■ **Task material**:
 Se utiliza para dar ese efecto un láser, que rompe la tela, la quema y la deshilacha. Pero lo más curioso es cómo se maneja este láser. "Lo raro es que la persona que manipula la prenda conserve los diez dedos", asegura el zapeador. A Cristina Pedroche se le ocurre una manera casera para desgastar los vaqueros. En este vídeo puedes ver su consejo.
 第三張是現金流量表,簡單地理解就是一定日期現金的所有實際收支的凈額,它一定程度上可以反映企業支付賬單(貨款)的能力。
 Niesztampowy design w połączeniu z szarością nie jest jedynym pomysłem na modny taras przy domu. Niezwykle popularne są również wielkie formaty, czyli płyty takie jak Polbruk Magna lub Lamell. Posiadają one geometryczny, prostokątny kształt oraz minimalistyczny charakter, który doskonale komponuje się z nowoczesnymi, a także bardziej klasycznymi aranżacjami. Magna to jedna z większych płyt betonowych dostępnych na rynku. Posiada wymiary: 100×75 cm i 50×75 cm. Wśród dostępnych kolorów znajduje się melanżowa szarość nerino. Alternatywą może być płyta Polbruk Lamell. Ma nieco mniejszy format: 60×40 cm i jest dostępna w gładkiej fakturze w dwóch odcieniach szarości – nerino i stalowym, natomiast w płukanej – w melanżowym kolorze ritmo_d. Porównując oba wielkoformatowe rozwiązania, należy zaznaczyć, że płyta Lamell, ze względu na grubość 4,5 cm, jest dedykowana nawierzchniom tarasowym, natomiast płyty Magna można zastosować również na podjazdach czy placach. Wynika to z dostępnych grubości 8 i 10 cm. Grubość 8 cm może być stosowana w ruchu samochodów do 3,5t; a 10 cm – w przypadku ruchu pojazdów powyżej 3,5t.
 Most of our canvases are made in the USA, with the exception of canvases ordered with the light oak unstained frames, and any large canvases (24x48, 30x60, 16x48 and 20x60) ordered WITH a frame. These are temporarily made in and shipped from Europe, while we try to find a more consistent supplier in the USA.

--

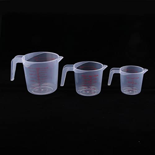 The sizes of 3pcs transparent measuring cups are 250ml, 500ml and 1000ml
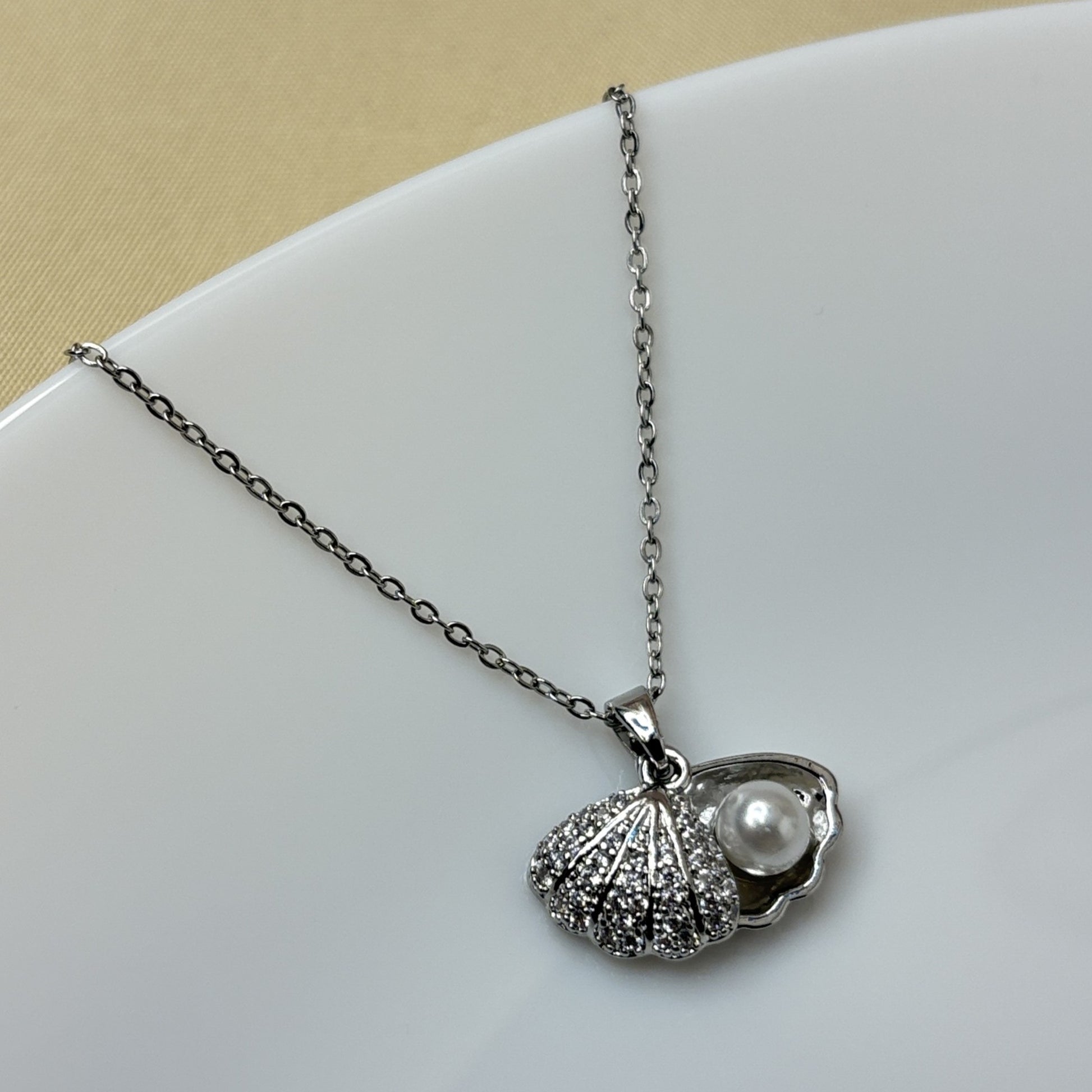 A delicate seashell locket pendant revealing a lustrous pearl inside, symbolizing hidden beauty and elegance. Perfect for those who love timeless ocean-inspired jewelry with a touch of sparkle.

...

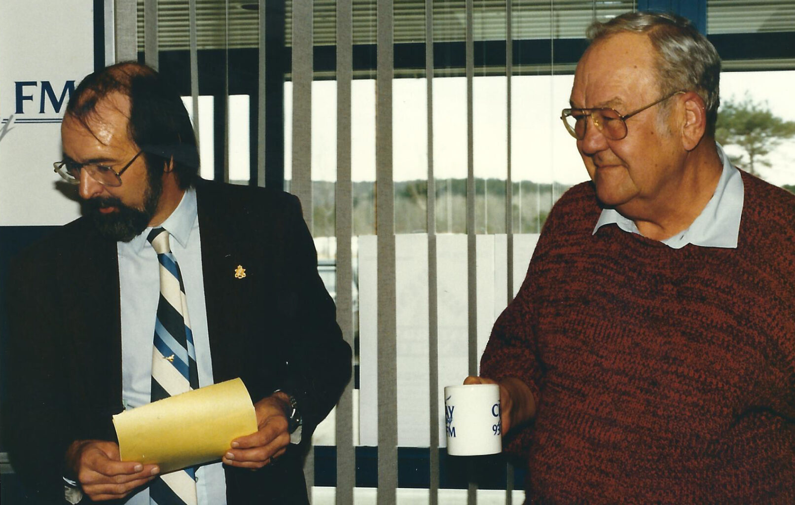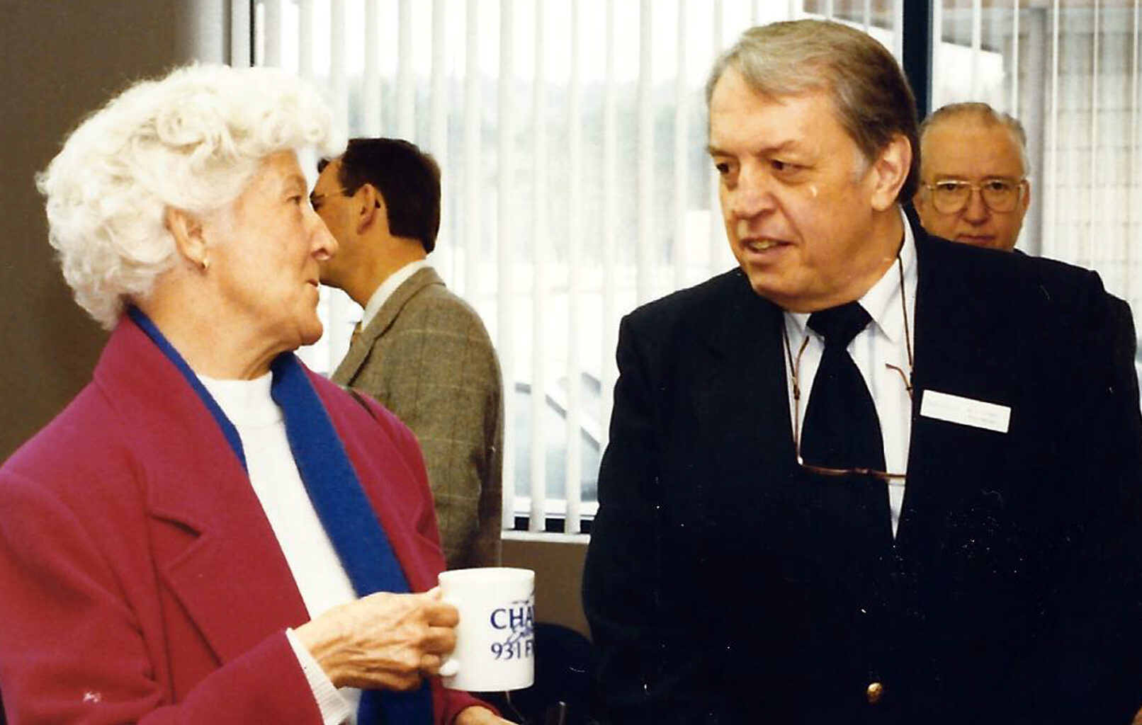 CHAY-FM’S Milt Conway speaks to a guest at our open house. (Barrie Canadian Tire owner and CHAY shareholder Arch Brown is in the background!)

■ **Task details**: Reproduce exactly, and with no other material, the lines between those holding "第三張是現金流量表,簡單地理" and "Niesztampowy design w", inclusive.

■ **Response below**:
 第三張是現金流量表,簡單地理解就是一定日期現金的所有實際收支的凈額,它一定程度上可以反映企業支付賬單(貨款)的能力。
 Niesztampowy design w połączeniu z szarością nie jest jedynym pomysłem na modny taras przy domu. Niezwykle popularne są również wielkie formaty, czyli płyty takie jak Polbruk Magna lub Lamell. Posiadają one geometryczny, prostokątny kształt oraz minimalistyczny charakter, który doskonale komponuje się z nowoczesnymi, a także bardziej klasycznymi aranżacjami. Magna to jedna z większych płyt betonowych dostępnych na rynku. Posiada wymiary: 100×75 cm i 50×75 cm. Wśród dostępnych kolorów znajduje się melanżowa szarość nerino. Alternatywą może być płyta Polbruk Lamell. Ma nieco mniejszy format: 60×40 cm i jest dostępna w gładkiej fakturze w dwóch odcieniach szarości – nerino i stalowym, natomiast w płukanej – w melanżowym kolorze ritmo_d. Porównując oba wielkoformatowe rozwiązania, należy zaznaczyć, że płyta Lamell, ze względu na grubość 4,5 cm, jest dedykowana nawierzchniom tarasowym, natomiast płyty Magna można zastosować również na podjazdach czy placach. Wynika to z dostępnych grubości 8 i 10 cm. Grubość 8 cm może być stosowana w ruchu samochodów do 3,5t; a 10 cm – w przypadku ruchu pojazdów powyżej 3,5t.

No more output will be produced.